Procedure according to Claim 2 , characterized in that a size of the part of the image is compared with a reference size, wherein the part of the image is enlarged by the scaling if the size falls below the reference size or wherein the part of the image is reduced by the scaling if the image area is Reference size exceeds.

Method according to one of the preceding claims, characterized in that the semantic segmentation determines an object class from a plurality of object classes, at least one property of a detector for object detection being determined as a function of the object class.

Method according to one of the preceding claims, characterized in that the image comprises a plurality of pixels, the semantic segmentation assigning object classes to pixels by pixel or by superpixel.

Procedure according to Claim 5 , characterized in that the part of the image is defined by a contiguous area of pixels which are assigned to the same object class.

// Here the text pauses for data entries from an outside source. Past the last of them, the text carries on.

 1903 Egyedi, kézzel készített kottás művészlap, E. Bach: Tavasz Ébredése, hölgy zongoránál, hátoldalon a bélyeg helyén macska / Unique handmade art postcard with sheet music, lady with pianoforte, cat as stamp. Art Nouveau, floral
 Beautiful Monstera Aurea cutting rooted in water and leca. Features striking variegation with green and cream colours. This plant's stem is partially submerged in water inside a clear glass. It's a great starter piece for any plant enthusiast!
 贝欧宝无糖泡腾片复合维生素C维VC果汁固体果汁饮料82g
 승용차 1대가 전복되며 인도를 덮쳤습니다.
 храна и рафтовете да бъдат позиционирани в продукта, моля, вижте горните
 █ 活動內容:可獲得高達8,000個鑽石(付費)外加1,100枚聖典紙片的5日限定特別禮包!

Device (100) for object detection, characterized in that the device (100) comprises a classification device (102) which is designed to include at least one parameter for scaling at least part of an image, for weighting a probability with which it is a specific object is involved, or to determine a number of image areas to be determined for object detection depending on a result of a semantic segmentation of the image, wherein an image area is defined by the at least one parameter and at least part of the image, wherein the device (100) comprises a detector (104) which is designed to carry out the object detection as a function of the parameter in at least a part of the image area.

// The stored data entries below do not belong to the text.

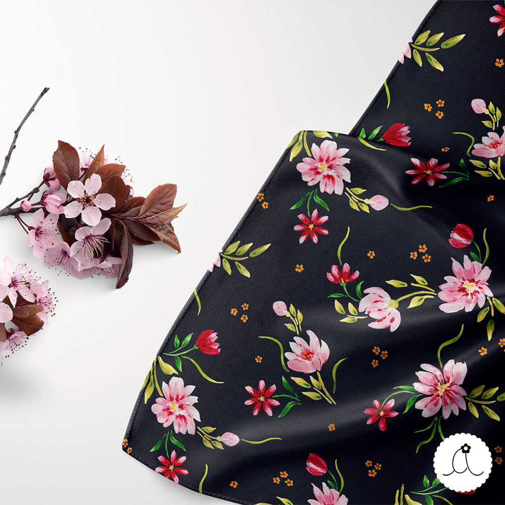This seamless pattern contains abstract flowers painted in acrylics and is:
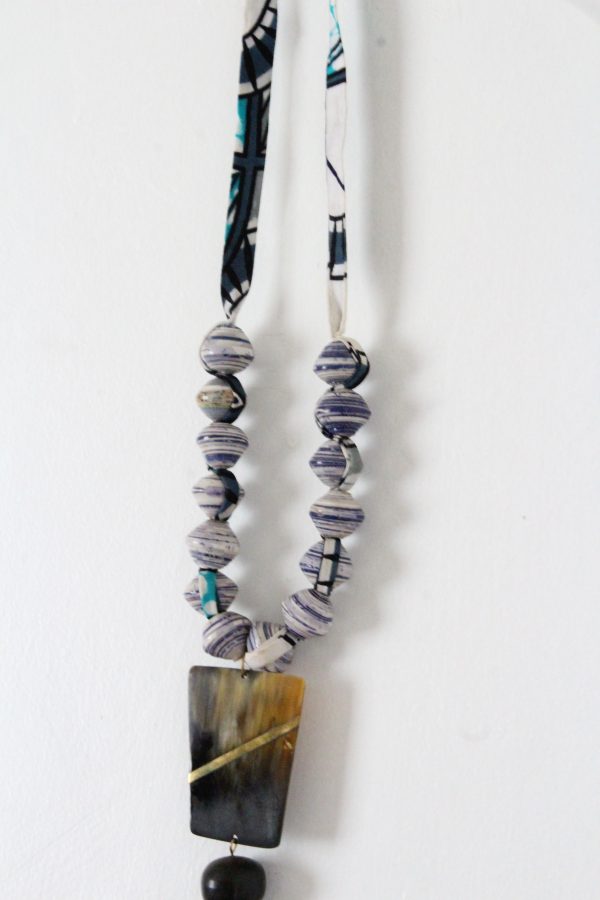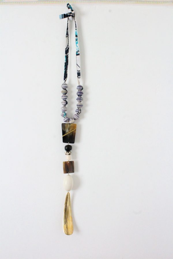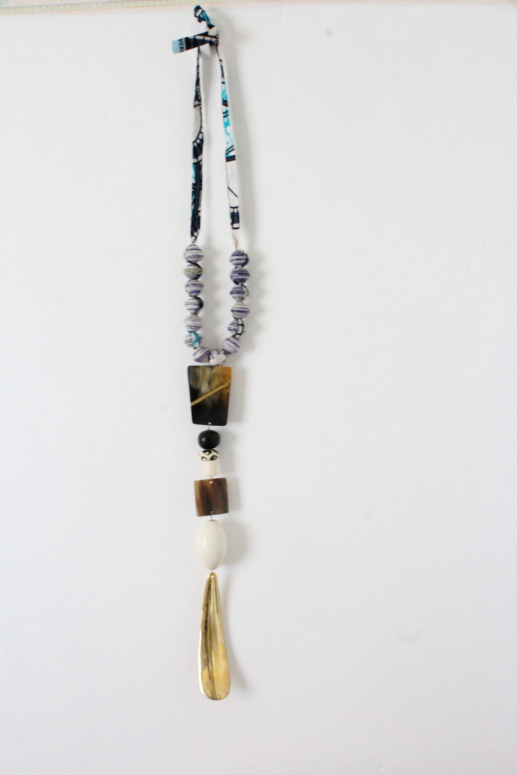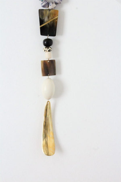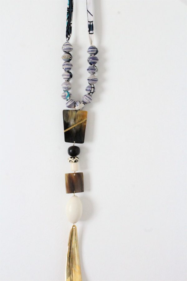 This beaded wall hanging is crafted with beads, brass and fabric..
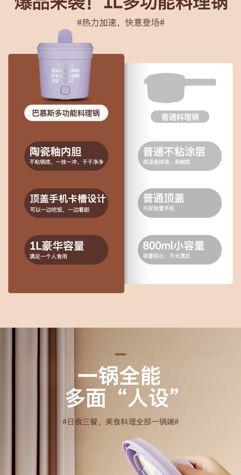 다기능 전기 밥솥 기숙사 학생 인스턴트 국수 냄비 가정용 올인원 소형 전기 냄비 전기 냄비 소형 전기 냄비스토어 가기
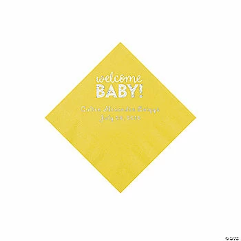 Discount โค๏ธ Yellow Welcome Baby Personalized Napkins with Silver Foil – 50 Pc. Beverage ๐ฅฐ
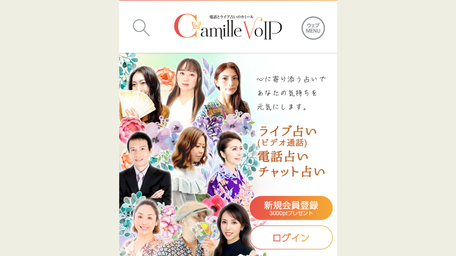 恋愛相談に強いと評判の電話占いカミール。採用率5%の厳しい審査を突破した本物の占い師が、24時間いつでもあなたの心に寄り添い、輝く未来へと導きます。
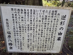 初めて立ち寄りました。逆杉を見て、すごい迫力と生命力、なんとなく、古代からの由緒の有る、歴史の中に居る様で、とても感動いたしました。また、池の水は素晴らしく澄んでおり、真っ白な大きな鯉が泳いでいました。 (訪問:2025/11/03)
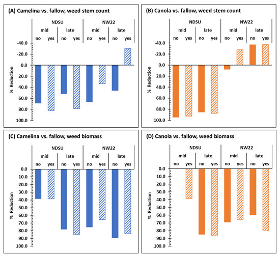 Summary comparison of mid- and late-season reduction (%) based on mean weed stem counts (A,B) and biomass dry weights (C,D) in field plots of sulfonylurea-resistant camelina (A,C) and canola (B,D) treated without (no) or with (yes) herbicide with that of mid- and late-season mean weed stem counts and biomass dry weights of fallow plots at NDSU and NW22. Fallow plots were not treated with herbicide.
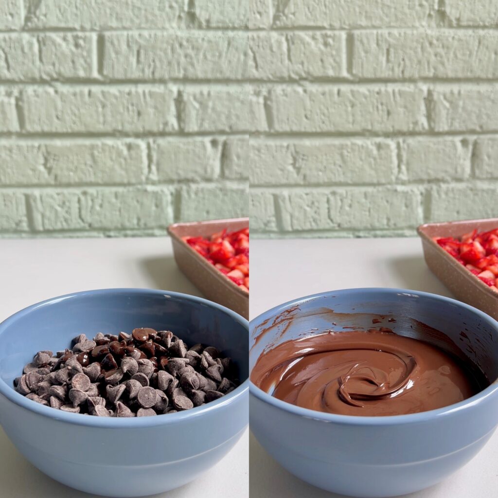 - Transfer the melted chocolate into a ziplock bag, cut off one end, and drizzle over the strawberries.
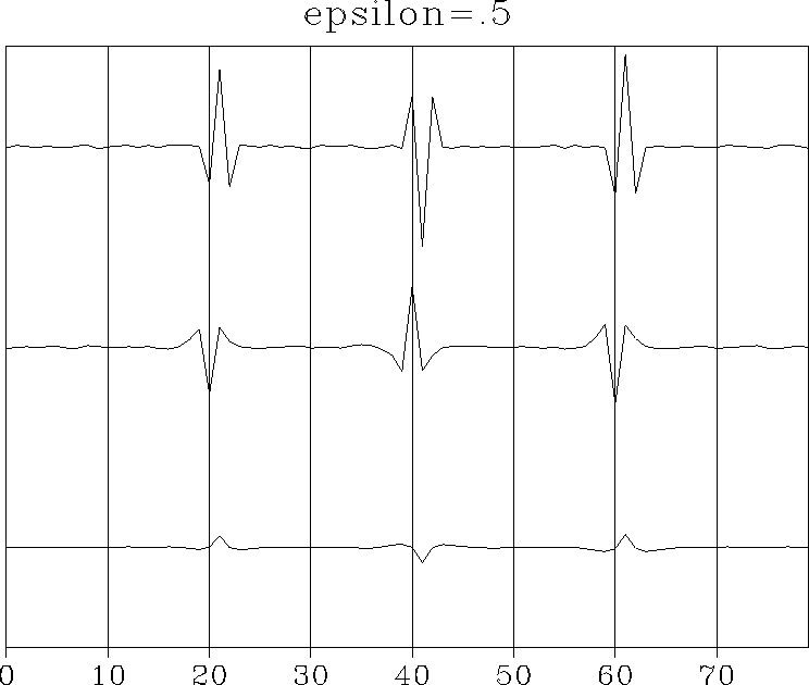 Figure 2 Top is the synthetic data yt. Middle is the deconvolved data xt. Bottom is the noise nt. This choice of | ![]() |
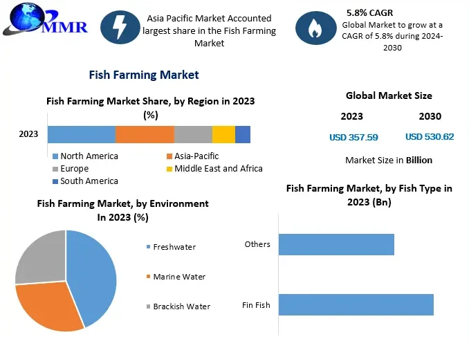 Fish Farming Industry size was valued at US$ 357.59 Bn. in 2023 and the total revenue is expected to grow at a CAGR of 5.8% through 2024 to 2030, reaching nearly US$ 530.62 Bn.

Device (100) after Claim 7 , characterized in that the device (100) comprises a scaling device (104) which is designed to determine the image area in the image by means of scaling as a function of the part of the image.

Device (100) after Claim 8 , characterized in that the scaling device (104) is designed to compare a size of the part of the image with a reference size, to enlarge the part of the image by the scaling if the size falls below the reference size or to reduce the part of the image by the scaling when the image area exceeds the reference size.

Device (100) according to one of the Claims 7 to 9 , characterized in that the classification device (102) is designed to determine an object class from a plurality of object classes by means of semantic segmentation, and to determine at least one property of the detector (104) for object detection depending on the object class.

Device (100) according to one of the Claims 7 to 10 , characterized in that the image comprises a plurality of pixels, the classifying device (102) being designed to assign object classes to pixels by means of semantic segmentation, pixel by pixel or super pixel by pixel.

Device (100) after Claim 11 , characterized in that the part of the image is defined by a contiguous area of pixels which are assigned to the same object class.

Computer program, characterized in that the computer program comprises computer-readable instructions, when executed by a computer, the method according to one of the Claims 1 to 6th expires.

Computer program product, characterized in that the computer program product comprises a memory on which a computer program is Claim 13 is stored.

Computer-implemented method for at least partially autonomous movement of a vehicle, characterized in that an image is captured by a camera of the vehicle, with an object detection for the image according to the method according to one of the Claims 1 to 6th is carried out, with at least one control for the vehicle, in particular for automated braking, steering or acceleration of the vehicle being determined depending on the result of the object detection.

Control device for at least partially automated movement of a vehicle, characterized in that the control device comprises an interface for receiving an image that is captured by a camera of the vehicle, wherein the control device comprises the device for object detection for the image according to one of the Claims 7 to 12 comprises, and wherein the control device comprises an interface for an actuator, which is designed to control the vehicle depending on a result of the object detection, in particular for automated braking, steering or acceleration of the vehicle.